> _DATA LISTING_
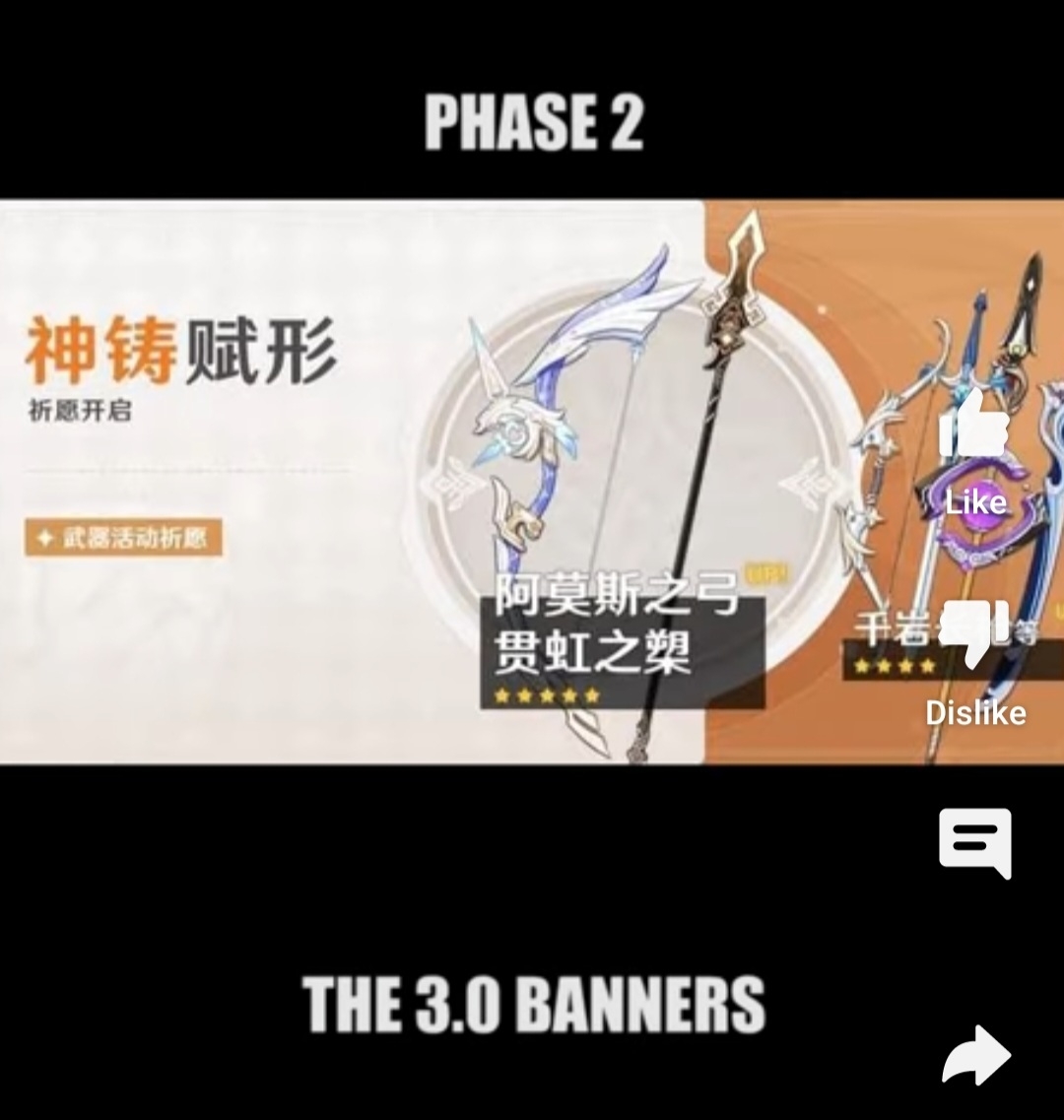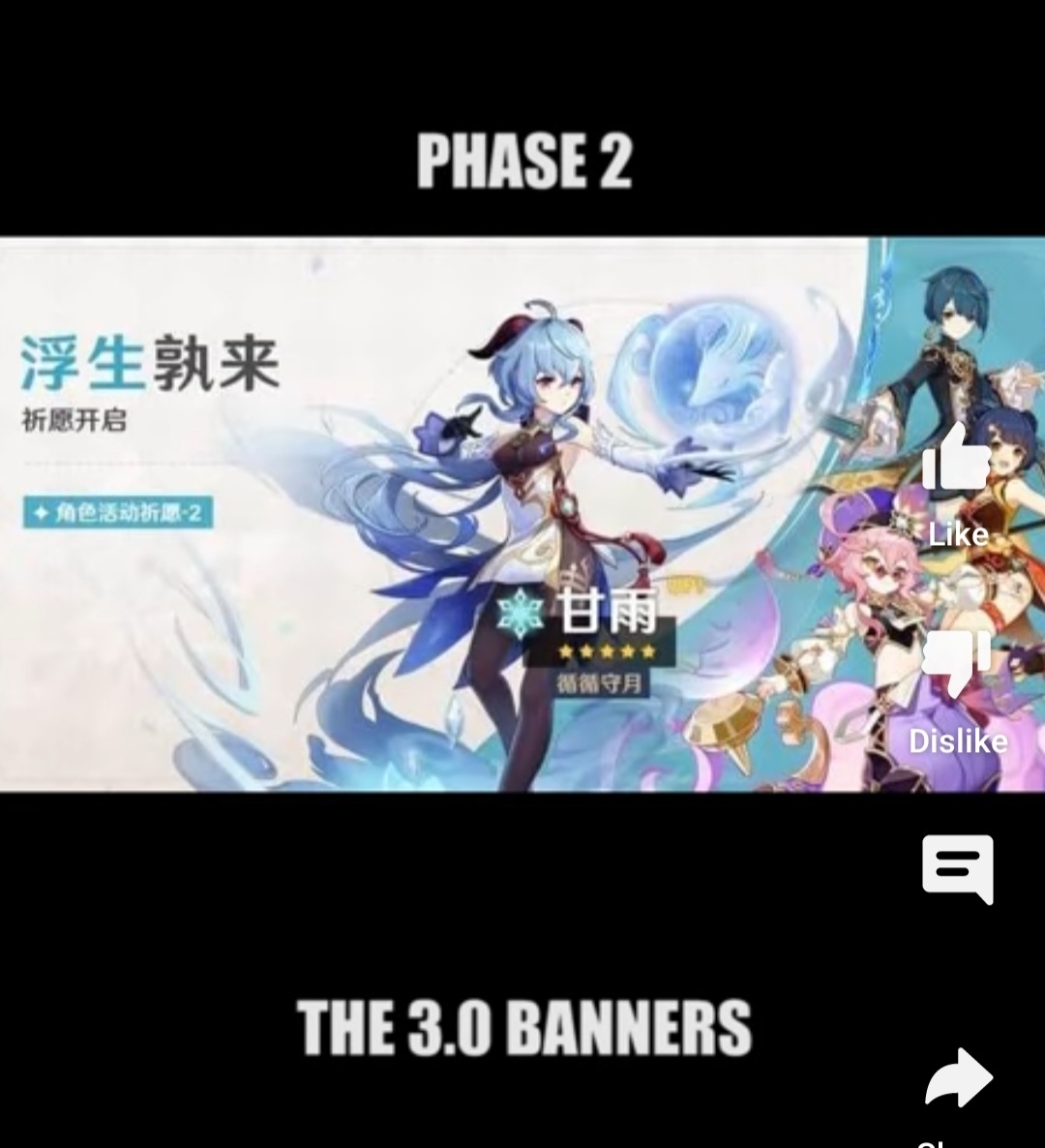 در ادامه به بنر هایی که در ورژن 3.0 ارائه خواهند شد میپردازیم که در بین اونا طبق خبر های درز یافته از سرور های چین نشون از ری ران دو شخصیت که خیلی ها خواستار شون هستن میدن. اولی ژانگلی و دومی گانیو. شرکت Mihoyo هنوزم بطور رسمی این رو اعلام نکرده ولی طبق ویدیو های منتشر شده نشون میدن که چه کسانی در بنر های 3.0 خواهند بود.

--

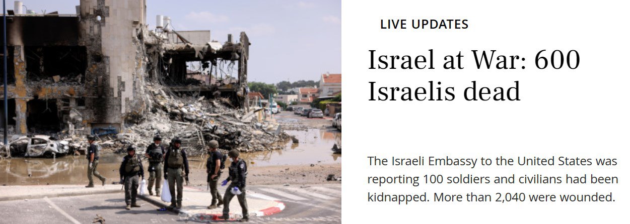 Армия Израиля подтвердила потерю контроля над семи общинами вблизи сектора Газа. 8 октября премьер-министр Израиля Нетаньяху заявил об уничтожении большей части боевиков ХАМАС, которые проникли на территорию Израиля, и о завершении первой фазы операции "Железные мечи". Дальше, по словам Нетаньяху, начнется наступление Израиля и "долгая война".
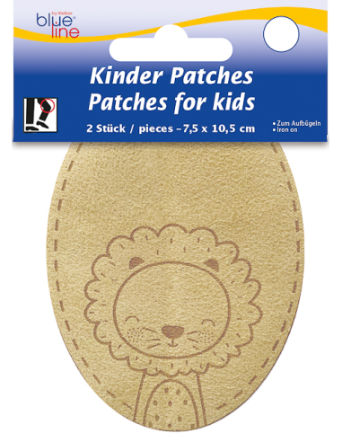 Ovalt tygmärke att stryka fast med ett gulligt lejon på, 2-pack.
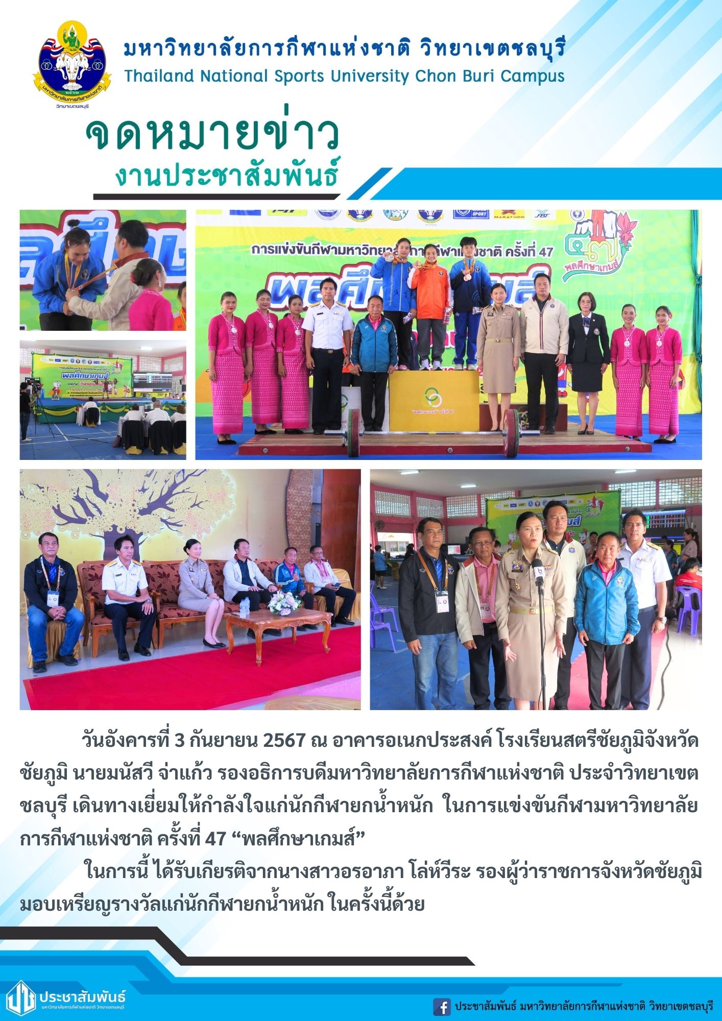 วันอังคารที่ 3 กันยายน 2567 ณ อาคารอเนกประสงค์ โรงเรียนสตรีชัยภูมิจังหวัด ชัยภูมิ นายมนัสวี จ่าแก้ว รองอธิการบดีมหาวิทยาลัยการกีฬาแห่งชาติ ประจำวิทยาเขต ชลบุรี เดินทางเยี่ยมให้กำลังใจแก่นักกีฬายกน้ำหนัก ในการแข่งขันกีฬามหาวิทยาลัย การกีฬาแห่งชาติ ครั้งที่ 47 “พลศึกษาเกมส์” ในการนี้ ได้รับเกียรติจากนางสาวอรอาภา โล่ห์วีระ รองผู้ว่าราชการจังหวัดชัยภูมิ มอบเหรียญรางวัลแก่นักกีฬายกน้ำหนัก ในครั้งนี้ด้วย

---

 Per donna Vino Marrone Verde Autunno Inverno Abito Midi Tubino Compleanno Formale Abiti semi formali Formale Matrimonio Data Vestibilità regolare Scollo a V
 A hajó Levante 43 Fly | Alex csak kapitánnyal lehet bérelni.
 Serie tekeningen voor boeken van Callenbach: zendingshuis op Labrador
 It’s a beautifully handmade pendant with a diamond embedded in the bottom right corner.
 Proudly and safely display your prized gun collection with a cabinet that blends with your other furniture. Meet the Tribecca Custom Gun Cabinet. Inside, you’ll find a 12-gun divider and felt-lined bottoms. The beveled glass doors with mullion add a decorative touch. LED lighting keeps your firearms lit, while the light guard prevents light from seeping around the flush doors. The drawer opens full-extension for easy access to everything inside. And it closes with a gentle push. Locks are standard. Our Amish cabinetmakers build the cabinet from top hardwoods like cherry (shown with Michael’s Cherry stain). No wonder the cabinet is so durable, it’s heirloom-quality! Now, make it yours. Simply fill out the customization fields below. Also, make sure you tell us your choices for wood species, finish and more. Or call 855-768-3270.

> _TO DO_
Scan the records above for the string "with", then select every line that holds it.

> _ANSWER TO THE EXERCISE_
 It’s a beautifully handmade pendant with a diamond embedded in the bottom right corner.
 Proudly and safely display your prized gun collection with a cabinet that blends with your other furniture. Meet the Tribecca Custom Gun Cabinet. Inside, you’ll find a 12-gun divider and felt-lined bottoms. The beveled glass doors with mullion add a decorative touch. LED lighting keeps your firearms lit, while the light guard prevents light from seeping around the flush doors. The drawer opens full-extension for easy access to everything inside. And it closes with a gentle push. Locks are standard. Our Amish cabinetmakers build the cabinet from top hardwoods like cherry (shown with Michael’s Cherry stain). No wonder the cabinet is so durable, it’s heirloom-quality! Now, make it yours. Simply fill out the customization fields below. Also, make sure you tell us your choices for wood species, finish and more. Or call 855-768-3270.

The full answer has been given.